He moved away from her and she heard the give of the cushions as he dropped back onto the sofa.
‘I don’t even know why I told you any of that so please if you’re going to patronise me by trying to make me feel better then don’t. Nothing will ever do that.’
Imogen crossed to stand behind the opposite sofa and gripped the backrest. ‘I’m not being patronising, Nadir, but it’s not rational to think that you caused their deaths.’
‘I was a selfish idiot.’
‘You were a normal teenager who was trying to keep his world intact.’
‘Imogen—’
‘No, I’m serious. I know you’re hurting over this but how long are you going to punish yourself for the actions of a man who was an adult and should have behaved better?’
‘You don’t understand—I knew he would go after them.’ His voice sounded as if it was wrenched from a place that was deep and dark.

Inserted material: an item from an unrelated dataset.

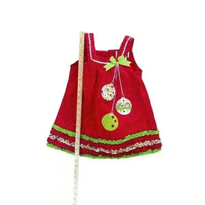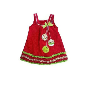 This is a little girls ruffled, pinafore dress. It is a little girls size 4. It is red with white polka dots. It features a white rick rack trim, a bow, and colorful christmas ornaments. It has 3 ruffles at the bottom. It is red, white and green. It is soft, and made from 100% cotton. It should be handwashed, and lay flat to dry. It is made by Rare Editions.

Rounding the sofa, Imogen stopped directly in front of him. ‘Nadir, you loved them and it sounds like your loyalty was completely divided. That’s not a nice thing for parents to do to kids of any age.’
‘There’s no excuse for selfishness.’
‘Maybe it wasn’t you who was the selfish one. Maybe it was your parents.’
He looked at her as if he’d never contemplated that before and she knew that was probably because instead of processing what had happened he’d just tried to completely forget about it. ‘Did you happen to get counselling at all?’
Her question brought a surprised bark of laughter. ‘Sure I did. The place was called The Painted Pony.’
Imogen put her hands on her hips and felt the air between them become charged as his gaze drifted over her. ‘I’m not talking about the strip place you worked at, although I’m sure there were many ladies ready to offer you a shoulder to cry on.’
‘Unfortunately, I don’t cry.’
‘What a surprise. But, seriously, Nadir. I hate to think that you still blame yourself for something that really wasn’t your fault.’
‘And I hate to think that we’re going to waste a whole evening while Nadeena is asleep rehashing an event that is best forgotten.’
Deciding to ignore that, she continued as if he hadn’t spoken. ‘Tell me this,’ she began quietly. ‘If this was Nadeena and she had made a mistake like the one you feel you made would you want her to punish herself for it for ever?’
He pushed himself up from the sofa and paced away from her, holding himself rigid. ‘That’s unfair.’
The fact that he’d even shared this side of himself with her made Imogen glow. It meant that he trusted her. And maybe it was time for her to start trusting him a little as well. ‘Maybe you’re the one who is being unfair. To yourself.’
Without thinking too much about it, she went to him and wrapped her arms around his broad back.
He stiffened but didn’t move away from her and she could feel the heat of his body through the thin cotton of his dish-dasha. ‘I think your mother and sister want you to be happy, don’t you?’
He made a low sound in his throat that sounded like it came from a wounded animal and her heart felt as if it had been squeezed by a giant fist.
Acting purely on instinct, she ran her hands across his broad shoulders and pressed herself closer. He didn’t move a muscle but she knew she’d got to him because his breathing quickened just a little. Circling around, she stopped directly in front of him and smoothed her hands over his chest.
Emboldened by the fierce glitter in his eyes, she reached up and pulled his head down to hers. He yielded but she knew his mind was still in another place. A bad place.
About to pull back and give him time, she groaned with pleasure as he plunged his hands into her hair and took her mouth in a hungry kiss that completely immobilised her. Dazed at the swift rise of arousal, she pulled at his robe and moaned in frustration when she could find no way into it. ‘These things are not fashioned for easy access, are they?’ she complained.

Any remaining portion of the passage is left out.